Parroquianos generosos

Por Voro Contreras, periodista

Cuando James Stewart con la pata chula miraba por el ventanal de su salón, veía frente a él la parte trasera de un edificio newyorkino, un panal vecinal, que pasado por el tamiz morboso de Hitchcock es, per collons, una de las cosas más entretenidas del mundo. Mi ventanal, en cambio, da a las paredes de un supermercado frente al que pasan cada día casi las mismas señoras cargadas con bolsas de plástico y niños ociosos. Por eso, estas navidades intentaba imaginar que dentro de esas bolsas, en vez de yogures de marca blanca y verduras brillantes e insípidas, las señoras guardaban algún trozo congelado de su marido como un pedazo antipático de merluza, o que los menores iban cogidos de la mano equivocada y que ésta tenía aviesas intenciones para con ellos.
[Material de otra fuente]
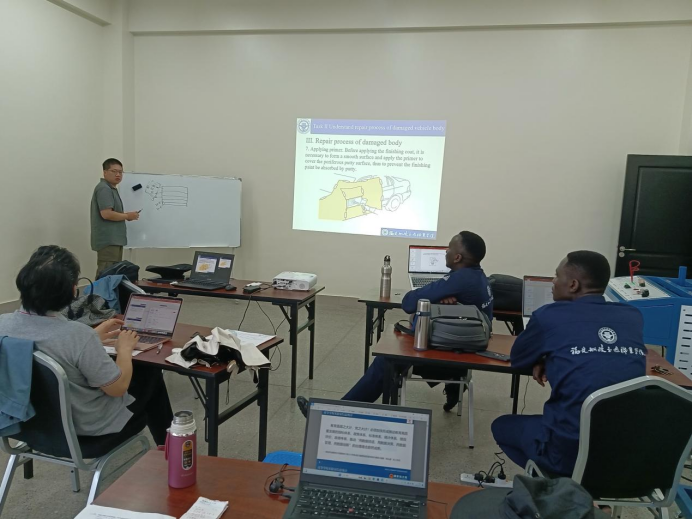 2024年6至11月,學(xué)院職教出海選派的優(yōu)秀師資團(tuán)隊(duì)黃林火、張宇峰兩位教師再次啟程,跨越萬里,從福建到非洲大陸,他們揚(yáng)帆出海,乘勢(shì)而上,持續(xù)向世界輸送“船政模式”職業(yè)教育品牌,圓滿完成了為期半年的烏干達(dá)汽車專業(yè)骨干師資培訓(xùn)。團(tuán)隊(duì)因“國”制宜,制定適應(yīng)當(dāng)?shù)卦盒P枰钠噷I(yè)建設(shè)標(biāo)準(zhǔn)、實(shí)驗(yàn)實(shí)訓(xùn)條件建設(shè)標(biāo)準(zhǔn),精心設(shè)計(jì)汽車發(fā)動(dòng)機(jī)構(gòu)造與維修、汽車底盤構(gòu)造與維修、汽車電氣設(shè)備構(gòu)造與維修等9門課程標(biāo)準(zhǔn),并高質(zhì)量完成680課時(shí)的汽車技術(shù)培訓(xùn),輸出了一套國際化汽車維修專業(yè)職業(yè)教育標(biāo)準(zhǔn)。

Al tercer día de mi baja laboral, el paso acelerado de los consumidores, la cara aburrida de la chiquillería y mi proverbial falta de imaginación consiguieron que el panorama que se observaba desde mi ventana resultase poco interesante. Opté, pues, por cargar con las muletas, armarme de paciencia y recorrer cojeando los cuatrocientos pasos que separan mi casa del bar, y pasar el tiempo con la pata en alto por prescripción facultativa mientras leía la prensa y me hacía un par de cañas hasta la hora de comer.

Cada uno tiene su bar de toda la vida. Incluso hay algunos –los dioses de una especie de Olimpo dipsómano– que tienen cuatro o cinco bares a pesar de tener una sola vida. También estamos los semidioses (recordemos, por si acaso, que Hércules también era un semidios, y mire usted la que montó) que nos conformamos con tener un par de bares y así vamos pasando el día.

Uno de mis dos bares (a lo mejor tengo tres, pero ahora no se trata de eso) es el Marco, y es al que he acudido estos días de lesión y aburrimiento para dejar pasar las mañanas hasta la hora de comer. Crecí a su lado (está junto a mi casa materna y cuando me levantaba de la cama podía adivinar el menú del día con solo asomar la napia por la ventana y oler el humo que tiraba su chimenea) y recuerdo a cada uno de los camareros y cocineros que han trabajado en él. También recuerdo a mi tío Ricardo, fundador del negocio, sentado junto a la puerta del local y que siempre me decía “Voreeeet” cuando pasaba frente a él. Y ahora mandan su hijo José María y su nieto José Ricardo, mi querido primo.

Ahora el Marco es un restaurante, y antes fue bar y en tiempos del fallecido tío Ricardo se conocía como “café”. No sé cuántos años han pasado desde su fundación, pero el Marco sigue manteniendo características de sus tres denominaciones como negocio. Hay quienes acuden a él a la hora de comer o de cenar y se trapiñan un buen arroz, chuletitas, pescado e incluso una suculenta mariscada. Los hay que prefieren ir a la hora del almuerzo, con café o cortado. Y los hay quienes van antes de comer y/o de cenar, para cumplir con el rito de la caña cervecera o el vasito de vino y poder sentarse contentos después ante la mesa del hogar.

Son la parroquia, los que me han hecho compañía estos días, y como las señoras y niños que acuden al supermercado, también son siempre los mismos, aunque con los parroquianos tengo más simpatía y me aburren menos. Estos entran, saludan, se interesan por lo que puedan contar el resto de parroquianos y beben. Algunos se asoman por la puerta y observan el termómetro electrónico de la farmacia, y comparten su conocimiento climático con el resto de mobiliario humano para tener un nuevo tema de conservación. Son, pues, generosos también, y por ello, además, pagan la siguiente ronda o comparten los titulares que más les han llamado la atención en el periódico, sean trágicos o divertidos. Y vuelven a beber y a conversar y a compartir chistes y conocimientos cotidianos, mientras José María les acompaña, José Ricardo les observa desde el otro lado de la barra y algún miembro de la cuarta generación de propietarios corretea entre sus piernas y se hace a la idea.

Conforme los clientes del restaurante van entrando, los del bar se van despidiendo hasta la tarde o al día siguiente. Puede que algún día el Marco sea sólo un restaurante en el que comer, y que la generosidad parroquiana sólo se haga presente a la hora de pagar el arroz o la mariscada. Vendrán tiempos extraños y echaremos de menos las conversaciones sobre el clima o los comentarios de los titulares de un periódico. Lo malo será cuando echemos de menos la generosidad.